Well atleast if they get to the world series you could still always fly down and get a ticket *at the gate.* :lol: It's unreal to me how they have become so spoiled with winning that only about 2/3rds of the seats are filled during their playoff games.


----------



## Tator (Dec 10, 2005)

ya I had TBS, but I also had WGN (America's #1 sports station)

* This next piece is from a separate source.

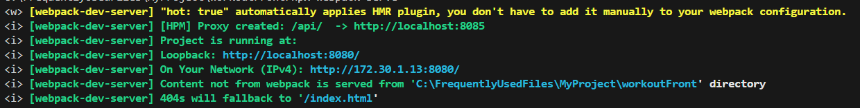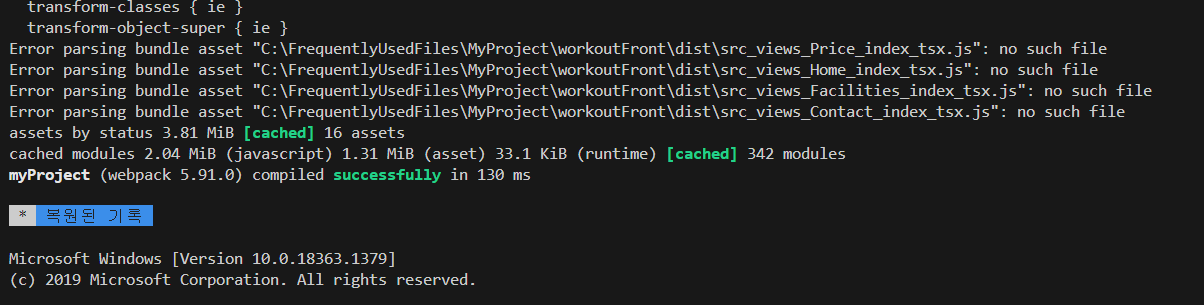실제로 매번 npx webpack serve를 입력해 주었을 때마다. 아래의 과정까지만 처리되고 그 아래 여러과정(그림2)은 나오질 않았다.

so that's how this all came about. I don't think too may people will miss seeing the braves on tv............. : )


----------



## gaddyshooter (Oct 12, 2003)

WGN home of the Flubs. Go Cards.


----------



## oklahomawatrfwlr (Jan 31, 2005)

i saw the braves play marlins on thursday...pretty cool game there were about 4 home runs.


----------



## Chuck_5 (Dec 11, 2005)

Until the cubs even contend for a playoff spot you have no reason to bash the braves. 14 straight division titles that's impressive, Last world series win in 1908 is not impressive. What is impressive is that they can suck for that long


----------



## rowdie (Jan 19, 2005)

:******: :******: :******: :******: :******: :******: :******: :******:

I'm gonna have to get the package that gives me Turner South, or just get the whoe BB package from direct TV. I've been a Braves fan since the 4th grade when we got cable.


----------



## 870 XPRS (Mar 12, 2003)

The braves are just a good example of how horrible that division is, in the playoffs all those years and were lucky to scab out 1 world series title. The cubs probably would have had 14 straight if they were in the NL East.


----------